Получив позволение от полковника, я взял лошадей, коляску и отправился с нарочным, который принес известие об аресте Лемера. Наружность этого человека совсем не внушала мне доверия; мне особенно не понравилось то, что он говорил Жозефине «ты» и обращался с ней весьма непринужденно. Войдя в карету, он тотчас же забился в угол, комфортабельно уселся и проспал до Менена, где я велел остановиться, чтобы что-нибудь поесть. Как бы внезапно пробужденный, он сказал мне дружески: «Капитан, я не желал бы выходить, сделайте одолжение, принесите мне рюмку водки…» Несколько удивленный этим тоном, я ему послал водку со служанкой, которая тотчас же вернулась, говоря, что мой спутник ничего не ответил и что, по всей вероятности, спит. Пришлось мне самому вернуться к экипажу, где я нашел его неподвижным в углу, с лицом, покрытым платком.
— Вы спите? — спросил я тихонько.
— Нет, — отвечал он, — и не думаю. Но, черт возьми, зачем же вы послали ко мне служанку, когда я сказал, что не намерен показываться этим людям.
Я ему принес рюмку водки, которую он, мгновенно выпил; затем мы поехали. Так как он, по-видимому, не намерен был более спать, то я спросил его о причинах, заставлявших его сохранять инкогнито, равно как о деле, представлявшемся мне в Кортрейке и о котором я не имел понятия. Он отвечал мне очень коротко, что Лемер обвинялся в сообщничестве с шайкой chauffeurs, и прибавил, что не говорил об этом Жозефине, боясь ее огорчить.

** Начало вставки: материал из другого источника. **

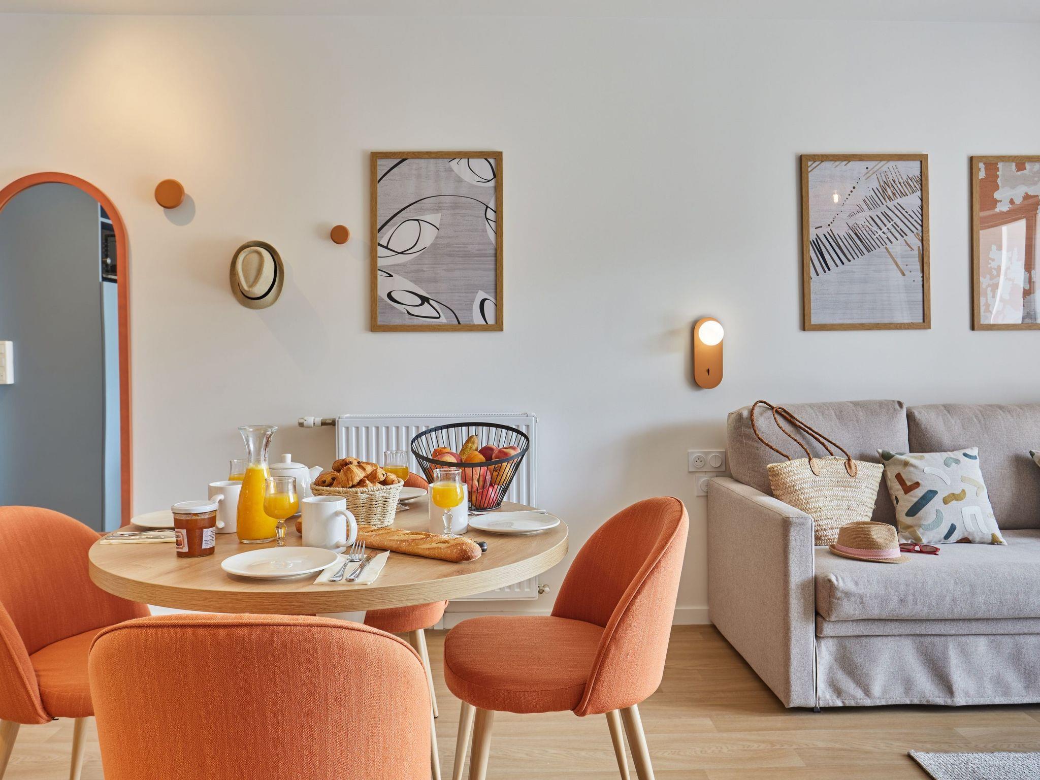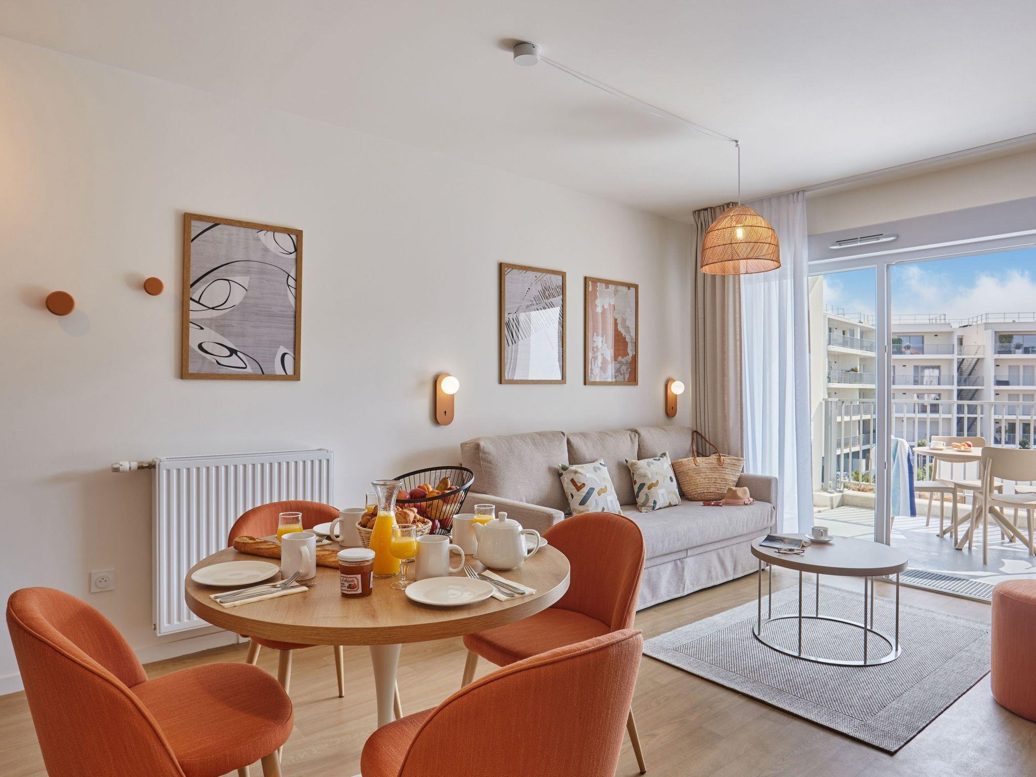 "Odalys Collection L'Orée du Parc", 2-Zimmer-Wohnung 35 m2. Modern eingerichtet: Wohn-/Schlafzimmer mit 2 Schlafmöglichkeiten, Esstisch und TV. 1 Zimmer mit 1 franz. Bett (1 x 160 cm, Länge 200 cm). Kleine, offene Küche (Geschirrspüler, 4 Glaskeramikplatten, Toaster, Wasserkocher, elektrische Kaffeemaschine, Kapseln für die Kaffeemaschine (Capsules), Kombinationsmikrowelle). Sep. WC, Bad oder Dusche. E-Heizung. Balkon oder Terrasse. Terrassenmöbel. Zur Verfügung: Kinderhochstuhl, Babybett (extra). Internet (WLAN, gratis). Parkplatz (extra, überdacht). Bitte beachten: Nichtraucher-Unterkunft. Maximal 1 Haustier/Hund erlaubt. Rauchmelder, Feuerlöscher.

Мы уже приближались к Кортрейку. В четырехстах шагах от города он велит почтальону на минуту остановиться; надевает на себя парик, спрятанный в его шляпе на левый глаз прилепляет пластырь, вынимает из жилета пару двуствольных пистолетов, открывает портьеру, выпрыгивает и исчезает.
Все эти эволюции, цель которых была мне неизвестна, не могли не возбудить во мне некоторого беспокойства. А что если арест Лемера был только предлогом? Если мне подставляли ловушку, если хотели заставить играть роль в какой-нибудь интриге, в каком-нибудь дурном деле? Я не решался этому поверить. Но я все-таки был в большом сомнении насчет того, что следовало делать, и большими шагами ходил по номеру в «Hotel du Damier», где мой спутник посоветовал мне остановиться, как вдруг отворилась дверь и вошла… Жозефина! При ее виде все мои сомнения исчезли; а между тем это внезапное появление, эта быстрая поездка без меня на расстояние всего нескольких часов пути, тогда как так естественно было воспользоваться экипажем, все это должно было еще удвоить мои опасения; но я был влюблен, и когда Жозефина сказала мне, что не могла выносить мысли о разлуке, то я нашел все это разумным и превосходным. Было четыре часа пополудни. Жозефина оделась, ушла и вернулась только в десять часов вечера в сопровождении какой-то личности, одетой люттихским крестьянином, хотя его манеры и выражение лица нимало не соответствовали этому костюму.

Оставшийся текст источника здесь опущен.